Well, maybe. One particular asteroid however, seems to be particularly difficult to destroy.
Asteroids happen to be in space fragments of rocky debris, remnants of a more brutal past in our Solar System. If you examine them, they could reveal their physical characteristics, clues about the ancient history of the Solar System, as well as the dangers these space rocks might pose in case they impact with the Earth.
In our new study published today in the Proceedings of the National Academy of Sciences, we found that rubble pile asteroids are an extremely strong form of asteroid and difficult to destroy by collision.
Two main types of asteroid
Asteroids of the monolithic style, more or less a kilometer in diameter, are thought to have a life expectancy in the asteroid belt of just a few hundred millions years. Because of the present condition of our Solar System, that is not very long at all.
Another kind will be the rubble pile asteroids. These’re entirely comprised of numerous fragments ejected during the total or partial destruction of pre-existing monolithic asteroids.
Rubble pile asteroids, however, do not have a great deal of life, so we are not certain how durable they’re.

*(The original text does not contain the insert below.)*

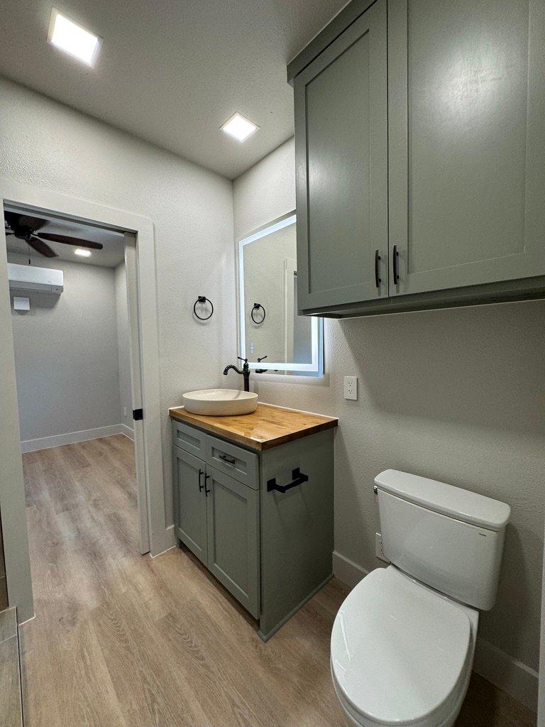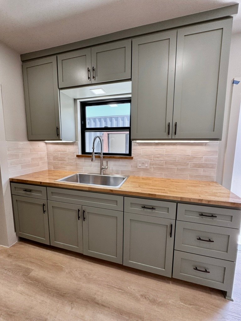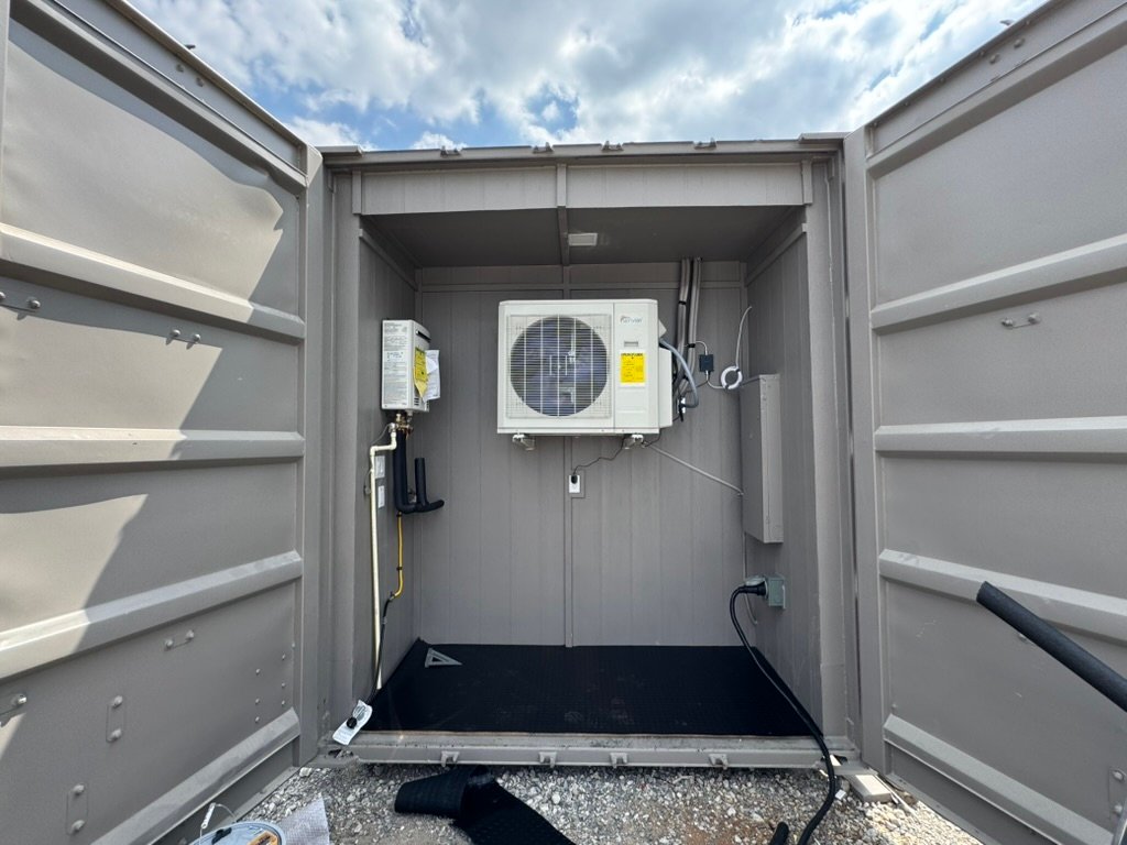 This 53-foot, 450-square-foot hunting cabin was built for a family who wanted a secure, low-maintenance retreat they could rely on when they’re on the land and feel confident leaving when they’re away. The layout includes two bedrooms and one full bathroom, with custom solid wood cabinets, butcher block countertops, and a full-size tiled shower. A full mini-split HVAC system keeps the cabin comfortable year-round. Utilities are housed in a lockable exterior compartment built into the cargo-door end of the container, allowing easy access while on-site and full security when the property is vacant. The cabin also features lockable exterior shutters and a secure entry door, making it well-suited for remote or recreational properties. A durable, practical build designed to hold up to real use and real conditions.

Abundant and sneaky rubble piles
During September 2022, the Double asteroid Redirection Test (DART) mission of NASA successfully impacted the Asteroid Dimorphos. The aim of the mission would be to figure out if we could intercept an asteroid with a small spacecraft, and it was a resounding success.
Like other recent asteroid missions by the Japan Aerospace Exploration Agency (JAXA) for the asteroids Ryugu and Itokawa and also the NASA mission to the asteroid Bennu, close-up images have shown that Dimorphos is still another rubble – pile asteroid.
Those missions confirmed to us that rubble – pile asteroids possess low density because they’re porous. They’re also abundant. As a matter of fact, they are extremely abundant, and because they’re the shattered bits of monolithic asteroids, they’re fairly small, and thus hard to recognize from Earth.
This kind of asteroids pose a significant threat to the Earth, and we need to do better understanding of them.
Learning from asteroid dust
In 2010, the Hayabusa spacecraft, designed by JAXA, returned from the 535 meter long, peanut-shaped asteroid Itokawa. The device carried more than a thousand rocks, every one as tiny as a grain of sand. They were the first samples ever returned from an asteroid!
When it ended up, the photos taken by the Hayabusa spacecraft while it was in orbit with Itokawa demonstrated for the first time the presence of rubble pile asteroids.
Early results from the team at JAXA, which analyzed the returned samples, showed that Itokawa formed after the complete destruction of a parent asteroid, that had been at least 20 kilometers across.
From our brand new analysis, we utilized two methods to assess several dust molecules from the asteroid Itokawa: The very first sends an electron beam to the particle and detects electrons that are dispersed back. It lets us know whether the rock was shattered by a meteor impact.
The next is known as argon argon dating, and it measures just how much radioactive decay takes place in a crystal using a laser beam. It informs us of the age of the meteor impact.
In the event that an approaching asteroid presents an imminent and unanticipated risk to the Earth, we will like a far more aggressive response.
For instance, we might have to utilize the shockwave from a nuclear blast in space since big explosions will be able to transfer a lot more kinetic energy to a normally cushioned rubble pile asteroid as well as nudge it out.
After that ought to we really test a nuclear shock wave strategy? That is a different matter altogether.